EXERCISE REQUIREMENTS: What you return should be the full listing, copied exactly and stripped of its pictures.

DATA BELOW:
■ ■ ■ ■

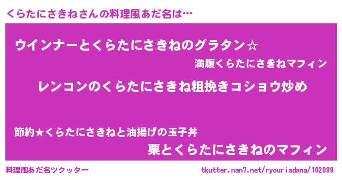 | 意味不明あだ名 | 『自称くらたにさきね』 |
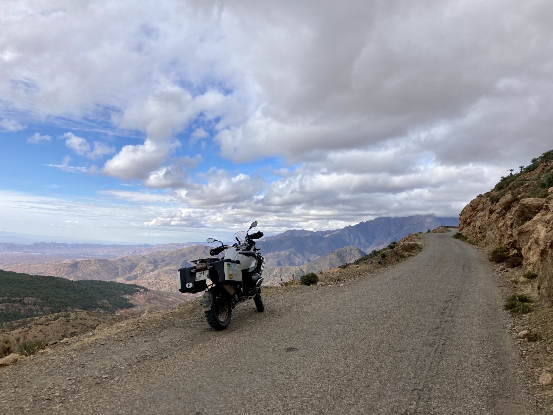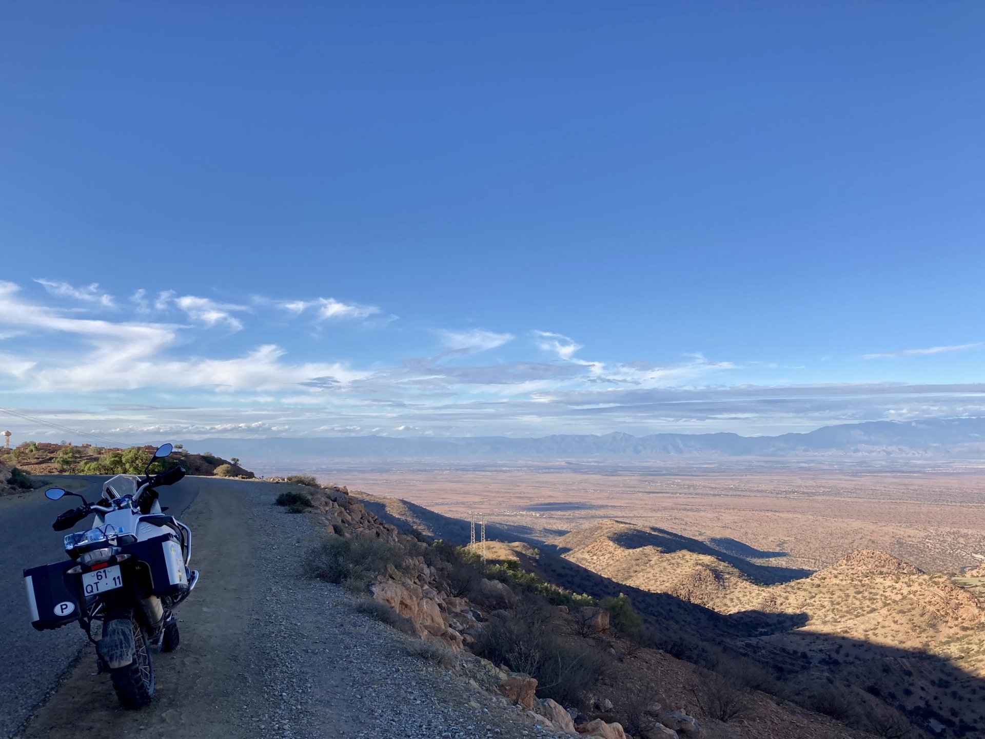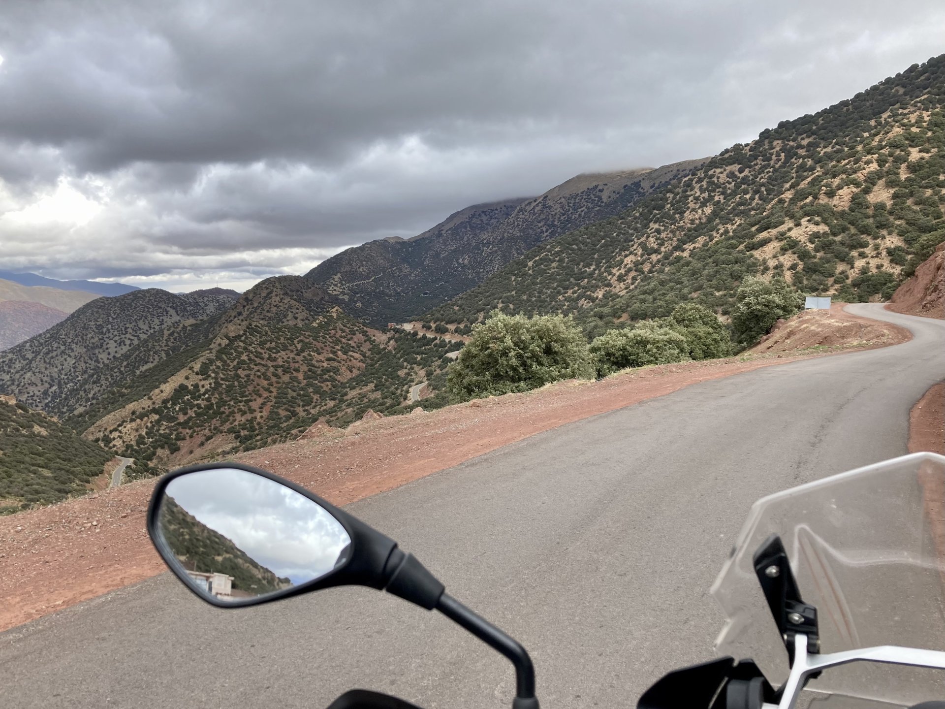 07th December, Wednesday It was the coldest night since I've been in Morocco, snow covered mountain tops were in sight of where I slept. I woke up with no alarm clock, as has been so for a couple of years except with unusually early work commitments. And since it was dark and still too cold, I laid in bed enjoying the warmth. Dawn was at a little past 8, this is 8:33, bike felt cold just from looking at it in the distance, minimum temperature that night had been 1ºC. It was the first time in this trip that it cranked slowly once before starting, maybe still sleepy! After slowly enjoying breakfast and double the usual amount of hot coffee to allow the sun to kill off some of the early morning cold, I get out and ride off with 4ºC showing on the dashboard. I am definitely heading north and back home, though, first heading is to Fes and then Tangier. Winter is firmly arriving and I am not equipped for it. A little later I stop on an open plain, this is the last wide open spot that I'll see on this trip, so decide to stop and enjoy it for a moment as I had done so before, in 2017. In 2017 it was decided that our next few trips wouldn't be to Morocco, and I distinctly remember passing this road, undergoing construction at the time, and realizing I wouldn't be doing this for a while. Fate proved cruel and I couldn't anticipate how right I was. The road to Sefrou is great, sometimes it almost feels European in a good way. My phone demanded my attention and I stopped for a while, right on the middle of some twisties. Moroccan police is strict with speed limit enforcements, they have just the few fixed cameras around major cities, but all around the country you can expect to find the odd police stopping point armed with a speed gun. For European vehicles some of the 60kmh seem too low, but they really aren't considering the state of some of their vehicles and the loads they carry. A little after the previous picture was taken I was warned by an oncoming car about the radar, and after it stopped by a couple having a cigarette by their motorcycle. They were a very cool couple, spaniards in their 60s, riding a grey and red R1250GSA also with Vario cases, the dude was surprised to see mine on the GSA and like geeks we bonded over how bikes look shit with the tubes required to carry aluminum cases when the cases are off. They frequently ride all over the Iberian Peninsula and Morocco, it was a nice meeting and one of those sort of short contacts with people that warm up your day. Cool bike they had, too! Street dog pack in Sefrou: I made it to Fes quite early, and decided to stay. The couple from before had told me that I would be facing rain storms in Spain and Portugal, and north Morocco as well, and that I should spend a couple of days to wait them out before going if not in a hurry. I'm no good in just waiting around like that and seemed to me I was going to ride through the rain regardless, it was a matter of choosing to do it in one or two days of heavy rain or 4 or 5 days of shit weather. I chose the least time regardless of intensity. Arriving at Fes I got hit with a big time nostalgia, having spent a few nice days here before. Fes gets really hot in the summertime and most of the year it's warmer than you would think considering it's almost northern location. Stoplights sometimes have little sun beaks to make lights easier to see in bright sunshine, here sometimes they melt over the lights from the heat! It's also a place where revolving outdoor publicity signs have airconditioning systems attached, so they don't burn out in summertime. I arrived sometime around after midday, and the temperature made me comfortable compared to the early morning cold. I went looking for a shop where I bought a carpet previously, they had reasonable prices and acted like a cooperative, the selection was immense and they had friendly people there. That shop was now extinct and replaced by a place that now works on the third story of an office building and sells mostly custom carpets to big hotels. They only had one Kilim rug there, it was pretty but the dude wanted 3200 dirhams for it, and I think that was too much, so didn't take it. He was immovable on price, so he can keep it. My hotel of choice made me smile when I rocked up at 13:00 and asked for a room. The dude proved what southern Moroccans think of people from the big cities of Casablanca, Rabat and Fes by being an altive twat and telling me to come back later since they had no rooms ready yet. Since it isn't summertime and I wouldn't miss their amazing swimming pool space, I went across the street and 20 minutes later was having my shower and getting ready to go for a walk. Fes' main avenue, ending at the royal palace's gold leafed doors. I stopped for a snack somewhere where me and Maria used to have dinner at, still the same guy but he was in a bad mood that day, lunch was cheap but completely forgettable, and not worthy of a picture either, and that's saying something considering this ride report 's picture intensity. I walked to the medina borders to see if I could find a rug shop and to walk off some of the afternoon. Getting to the medina was a few kms walk, and the noise, smells and pollution of Fes got me before that. I felt miserable and intoxicated, people had no space for a friendly smile towards a foreigner unless asking for a coin or trying to attract you towards a stand selling something. Cafes showed no hospitality and overall my nostalgia towards Fes was not returned. Next time I'll treat it the same way. Stopped by the hotel for a little, to organize some of the luggage and sit in my bed to relax a little. Went out to find something to eat at night, and sat down to eat some pretty average rotisserie chicken, not on pair at all with what you get in smaller places. I did smile at the table next to mine as I watched three older ladies in traditional but couture level clothings eat their chicken breasts with their fingers, to me that mom
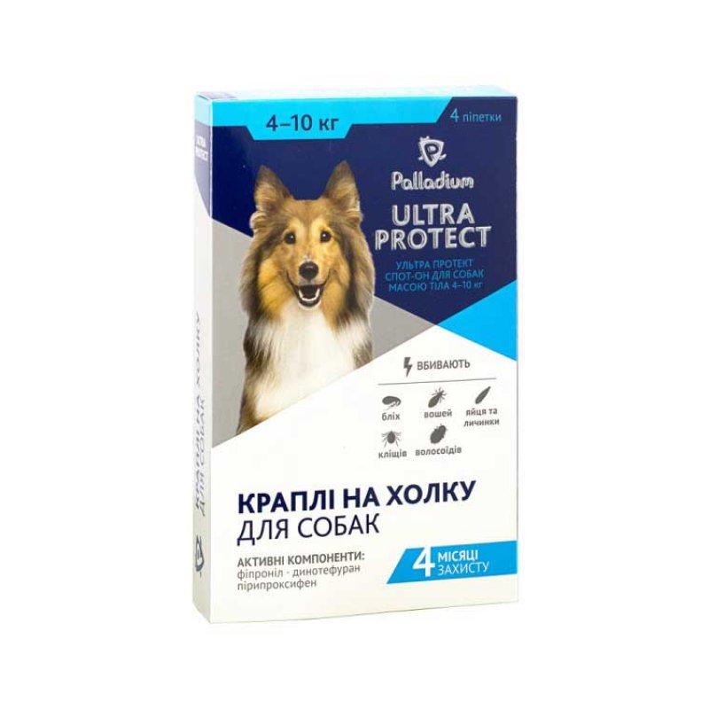 Краплі на холку Ultra Protect (Ультра протект) від бліх, кліщів і комарів для собак вагою 4-10 кг Palladium
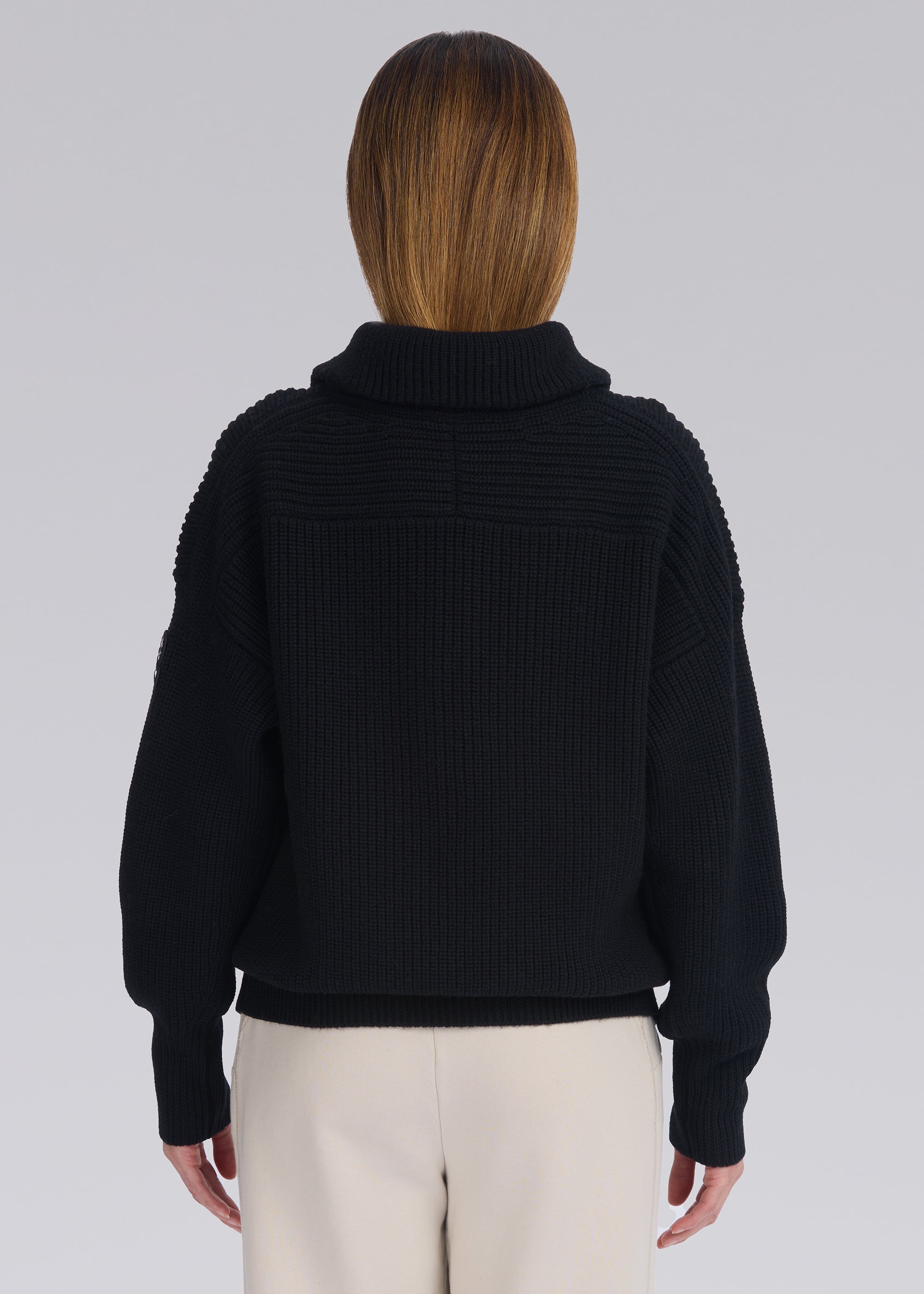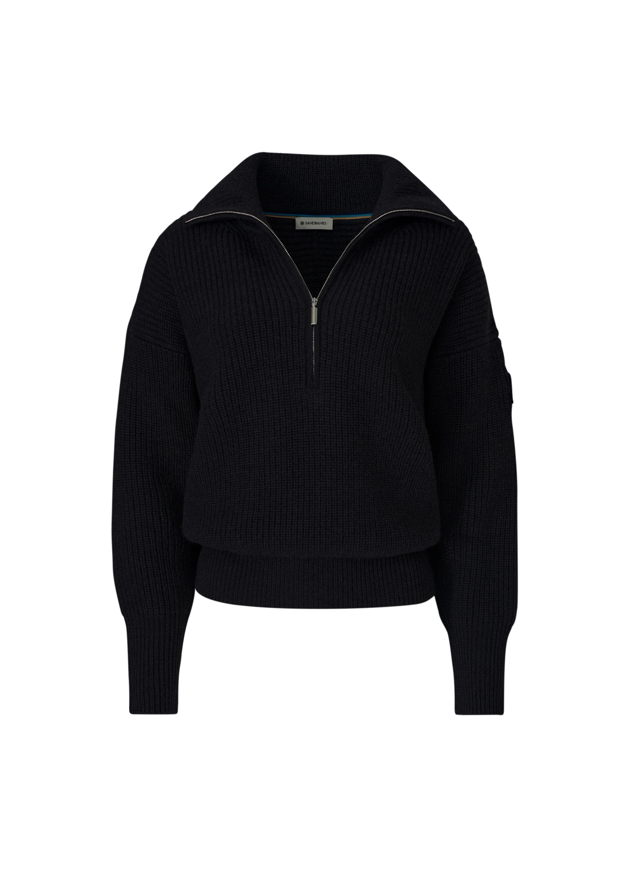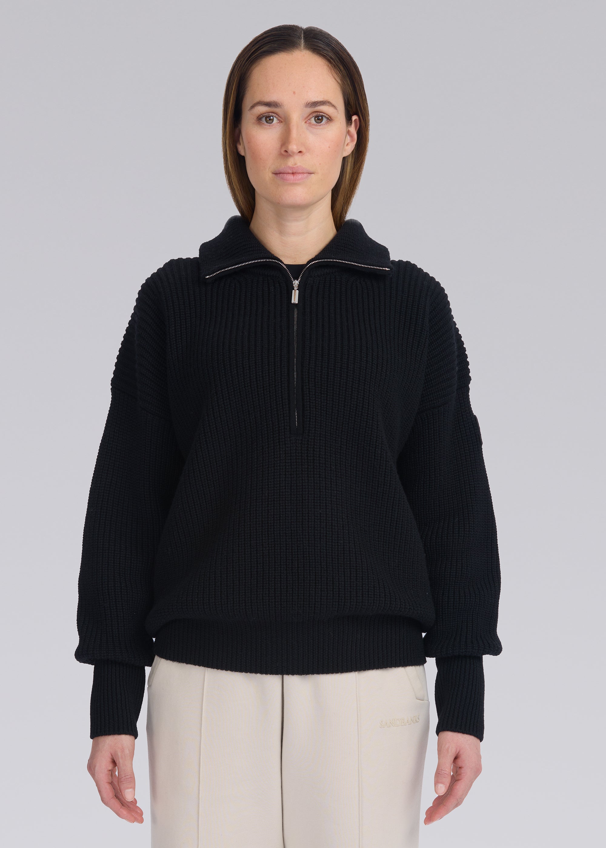 Sandbanks half zip knitted jumper in black, made from an extra fine merino wool for a cosy feel. This luxury jumper features a funnel neck with silver Lampo half zip, engraved Sandbanks zip puller and embroidered sleeve badge logo.

■ ■ ■ ■

TASK RESPONSE:
 | 意味不明あだ名 | 『自称くらたにさきね』 |
 07th December, Wednesday It was the coldest night since I've been in Morocco, snow covered mountain tops were in sight of where I slept. I woke up with no alarm clock, as has been so for a couple of years except with unusually early work commitments. And since it was dark and still too cold, I laid in bed enjoying the warmth. Dawn was at a little past 8, this is 8:33, bike felt cold just from looking at it in the distance, minimum temperature that night had been 1ºC. It was the first time in this trip that it cranked slowly once before starting, maybe still sleepy! After slowly enjoying breakfast and double the usual amount of hot coffee to allow the sun to kill off some of the early morning cold, I get out and ride off with 4ºC showing on the dashboard. I am definitely heading north and back home, though, first heading is to Fes and then Tangier. Winter is firmly arriving and I am not equipped for it. A little later I stop on an open plain, this is the last wide open spot that I'll see on this trip, so decide to stop and enjoy it for a moment as I had done so before, in 2017. In 2017 it was decided that our next few trips wouldn't be to Morocco, and I distinctly remember passing this road, undergoing construction at the time, and realizing I wouldn't be doing this for a while. Fate proved cruel and I couldn't anticipate how right I was. The road to Sefrou is great, sometimes it almost feels European in a good way. My phone demanded my attention and I stopped for a while, right on the middle of some twisties. Moroccan police is strict with speed limit enforcements, they have just the few fixed cameras around major cities, but all around the country you can expect to find the odd police stopping point armed with a speed gun. For European vehicles some of the 60kmh seem too low, but they really aren't considering the state of some of their vehicles and the loads they carry. A little after the previous picture was taken I was warned by an oncoming car about the radar, and after it stopped by a couple having a cigarette by their motorcycle. They were a very cool couple, spaniards in their 60s, riding a grey and red R1250GSA also with Vario cases, the dude was surprised to see mine on the GSA and like geeks we bonded over how bikes look shit with the tubes required to carry aluminum cases when the cases are off. They frequently ride all over the Iberian Peninsula and Morocco, it was a nice meeting and one of those sort of short contacts with people that warm up your day. Cool bike they had, too! Street dog pack in Sefrou: I made it to Fes quite early, and decided to stay. The couple from before had told me that I would be facing rain storms in Spain and Portugal, and north Morocco as well, and that I should spend a couple of days to wait them out before going if not in a hurry. I'm no good in just waiting around like that and seemed to me I was going to ride through the rain regardless, it was a matter of choosing to do it in one or two days of heavy rain or 4 or 5 days of shit weather. I chose the least time regardless of intensity. Arriving at Fes I got hit with a big time nostalgia, having spent a few nice days here before. Fes gets really hot in the summertime and most of the year it's warmer than you would think considering it's almost northern location. Stoplights sometimes have little sun beaks to make lights easier to see in bright sunshine, here sometimes they melt over the lights from the heat! It's also a place where revolving outdoor publicity signs have airconditioning systems attached, so they don't burn out in summertime. I arrived sometime around after midday, and the temperature made me comfortable compared to the early morning cold. I went looking for a shop where I bought a carpet previously, they had reasonable prices and acted like a cooperative, the selection was immense and they had friendly people there. That shop was now extinct and replaced by a place that now works on the third story of an office building and sells mostly custom carpets to big hotels. They only had one Kilim rug there, it was pretty but the dude wanted 3200 dirhams for it, and I think that was too much, so didn't take it. He was immovable on price, so he can keep it. My hotel of choice made me smile when I rocked up at 13:00 and asked for a room. The dude proved what southern Moroccans think of people from the big cities of Casablanca, Rabat and Fes by being an altive twat and telling me to come back later since they had no rooms ready yet. Since it isn't summertime and I wouldn't miss their amazing swimming pool space, I went across the street and 20 minutes later was having my shower and getting ready to go for a walk. Fes' main avenue, ending at the royal palace's gold leafed doors. I stopped for a snack somewhere where me and Maria used to have dinner at, still the same guy but he was in a bad mood that day, lunch was cheap but completely forgettable, and not worthy of a picture either, and that's saying something considering this ride report 's picture intensity. I walked to the medina borders to see if I could find a rug shop and to walk off some of the afternoon. Getting to the medina was a few kms walk, and the noise, smells and pollution of Fes got me before that. I felt miserable and intoxicated, people had no space for a friendly smile towards a foreigner unless asking for a coin or trying to attract you towards a stand selling something. Cafes showed no hospitality and overall my nostalgia towards Fes was not returned. Next time I'll treat it the same way. Stopped by the hotel for a little, to organize some of the luggage and sit in my bed to relax a little. Went out to find something to eat at night, and sat down to eat some pretty average rotisserie chicken, not on pair at all with what you get in smaller places. I did smile at the table next to mine as I watched three older ladies in traditional but couture level clothings eat their chicken breasts with their fingers, to me that mom
 Краплі на холку Ultra Protect (Ультра протект) від бліх, кліщів і комарів для собак вагою 4-10 кг Palladium
 Sandbanks half zip knitted jumper in black, made from an extra fine merino wool for a cosy feel. This luxury jumper features a funnel neck with silver Lampo half zip, engraved Sandbanks zip puller and embroidered sleeve badge logo.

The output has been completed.